What is wanted is every line below from the one with "이러한 농기계 사고를" up to and including the one with "Tidy Up带有简单模式的搜索模式,其中包括80多个预先定义的智能搜索。", retyped exactly, pictures excluded, nothing else.
(Exercise material Opens)
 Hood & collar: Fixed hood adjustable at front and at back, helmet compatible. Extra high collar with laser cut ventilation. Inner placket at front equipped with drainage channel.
(Exercise material Closes)
(Exercise material Opens)
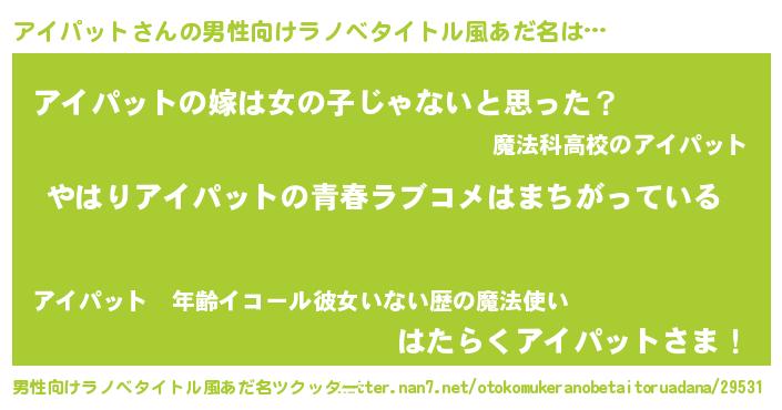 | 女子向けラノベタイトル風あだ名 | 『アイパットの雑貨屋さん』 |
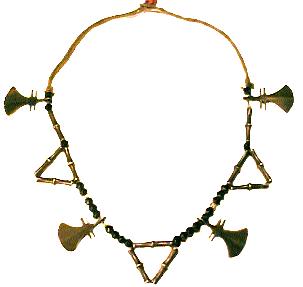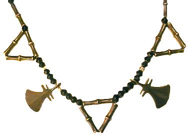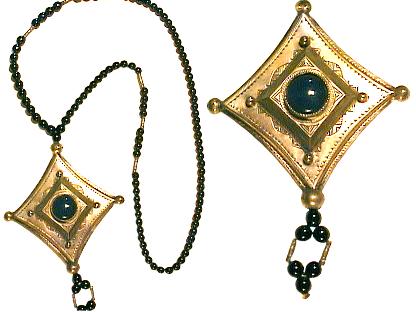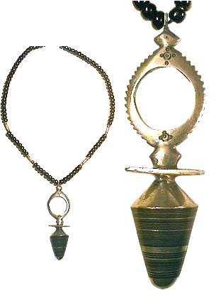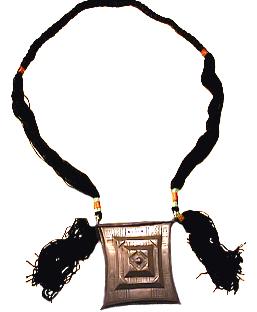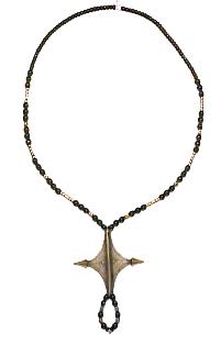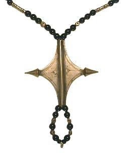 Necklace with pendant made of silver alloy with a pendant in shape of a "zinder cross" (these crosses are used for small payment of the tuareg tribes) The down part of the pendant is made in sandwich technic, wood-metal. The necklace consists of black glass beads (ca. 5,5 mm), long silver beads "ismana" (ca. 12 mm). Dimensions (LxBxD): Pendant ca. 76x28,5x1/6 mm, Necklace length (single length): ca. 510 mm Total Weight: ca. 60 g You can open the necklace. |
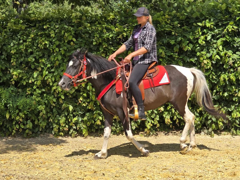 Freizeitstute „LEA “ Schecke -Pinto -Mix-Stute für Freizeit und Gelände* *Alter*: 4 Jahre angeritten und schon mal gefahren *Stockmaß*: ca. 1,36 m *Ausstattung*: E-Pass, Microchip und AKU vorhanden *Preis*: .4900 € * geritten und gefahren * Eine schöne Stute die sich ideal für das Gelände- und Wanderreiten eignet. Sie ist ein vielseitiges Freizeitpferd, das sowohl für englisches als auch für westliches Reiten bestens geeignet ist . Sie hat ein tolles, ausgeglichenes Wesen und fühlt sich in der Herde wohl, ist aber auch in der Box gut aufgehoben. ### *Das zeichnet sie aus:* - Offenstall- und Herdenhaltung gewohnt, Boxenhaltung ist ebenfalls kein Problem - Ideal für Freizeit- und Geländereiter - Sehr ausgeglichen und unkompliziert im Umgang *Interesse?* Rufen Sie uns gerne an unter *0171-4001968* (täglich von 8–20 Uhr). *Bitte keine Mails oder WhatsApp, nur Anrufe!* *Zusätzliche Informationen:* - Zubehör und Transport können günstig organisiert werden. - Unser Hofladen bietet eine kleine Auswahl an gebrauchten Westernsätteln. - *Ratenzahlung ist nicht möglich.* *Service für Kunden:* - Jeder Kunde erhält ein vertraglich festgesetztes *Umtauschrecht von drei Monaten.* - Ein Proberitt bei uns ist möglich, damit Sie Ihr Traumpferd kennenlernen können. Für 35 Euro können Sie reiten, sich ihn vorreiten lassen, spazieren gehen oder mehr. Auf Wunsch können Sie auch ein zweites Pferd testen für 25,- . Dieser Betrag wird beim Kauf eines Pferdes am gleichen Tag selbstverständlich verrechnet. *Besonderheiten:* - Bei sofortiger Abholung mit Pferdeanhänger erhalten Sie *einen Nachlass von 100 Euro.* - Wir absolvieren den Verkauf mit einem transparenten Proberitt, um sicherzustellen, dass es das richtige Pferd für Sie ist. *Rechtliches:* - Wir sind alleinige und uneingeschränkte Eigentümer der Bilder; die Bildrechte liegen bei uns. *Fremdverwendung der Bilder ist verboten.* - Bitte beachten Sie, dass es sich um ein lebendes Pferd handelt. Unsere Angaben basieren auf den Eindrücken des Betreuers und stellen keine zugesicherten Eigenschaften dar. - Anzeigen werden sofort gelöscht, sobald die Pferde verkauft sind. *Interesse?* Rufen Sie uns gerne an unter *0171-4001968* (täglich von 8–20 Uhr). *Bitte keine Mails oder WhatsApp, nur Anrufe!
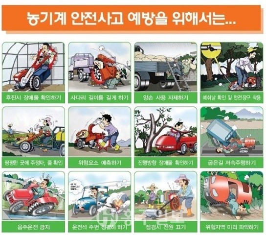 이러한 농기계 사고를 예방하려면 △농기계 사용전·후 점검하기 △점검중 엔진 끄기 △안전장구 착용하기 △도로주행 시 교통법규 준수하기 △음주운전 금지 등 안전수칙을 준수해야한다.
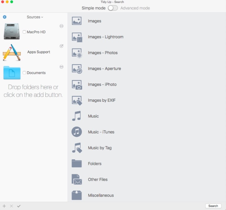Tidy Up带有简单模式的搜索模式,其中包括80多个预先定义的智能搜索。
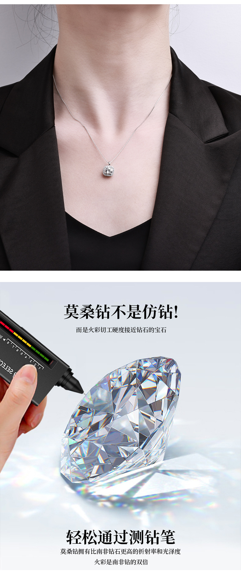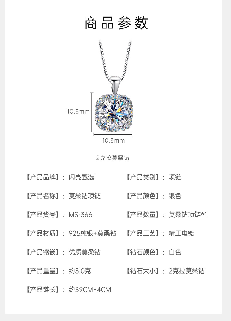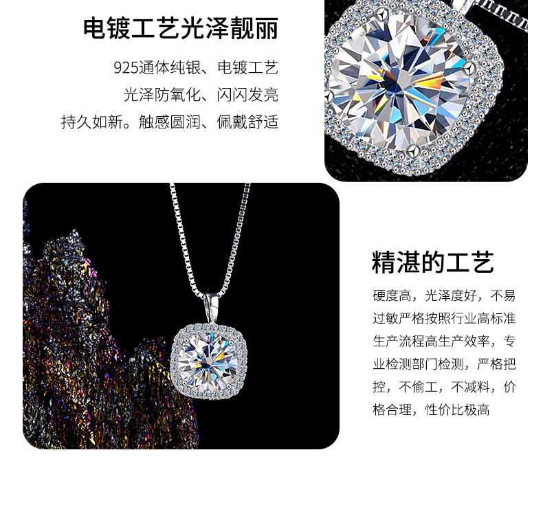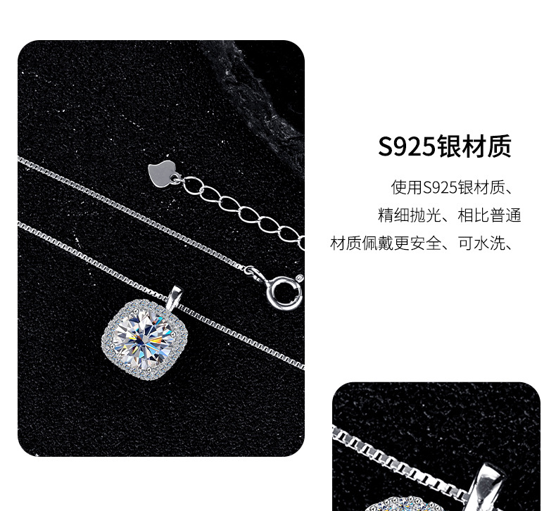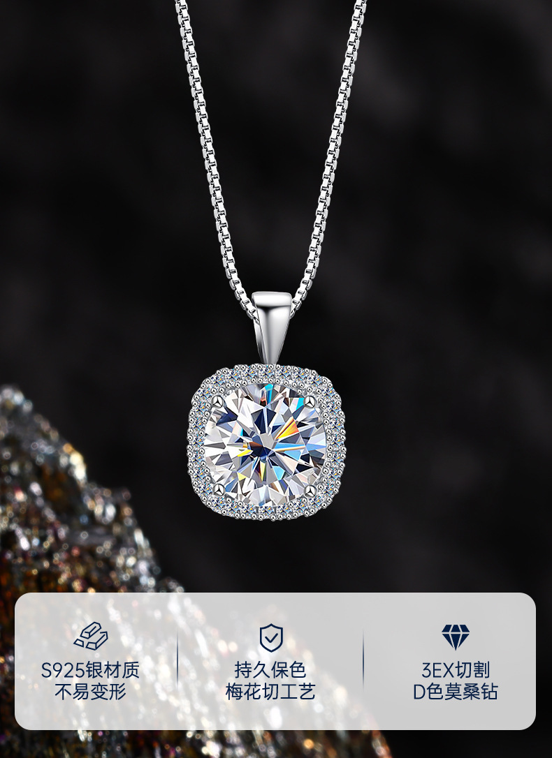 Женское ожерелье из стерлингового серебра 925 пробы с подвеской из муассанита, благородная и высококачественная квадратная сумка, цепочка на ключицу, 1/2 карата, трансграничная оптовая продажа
(Exercise material Closes)
• [Response to the task]:
 이러한 농기계 사고를 예방하려면 △농기계 사용전·후 점검하기 △점검중 엔진 끄기 △안전장구 착용하기 △도로주행 시 교통법규 준수하기 △음주운전 금지 등 안전수칙을 준수해야한다.
Tidy Up带有简单模式的搜索模式,其中包括80多个预先定义的智能搜索。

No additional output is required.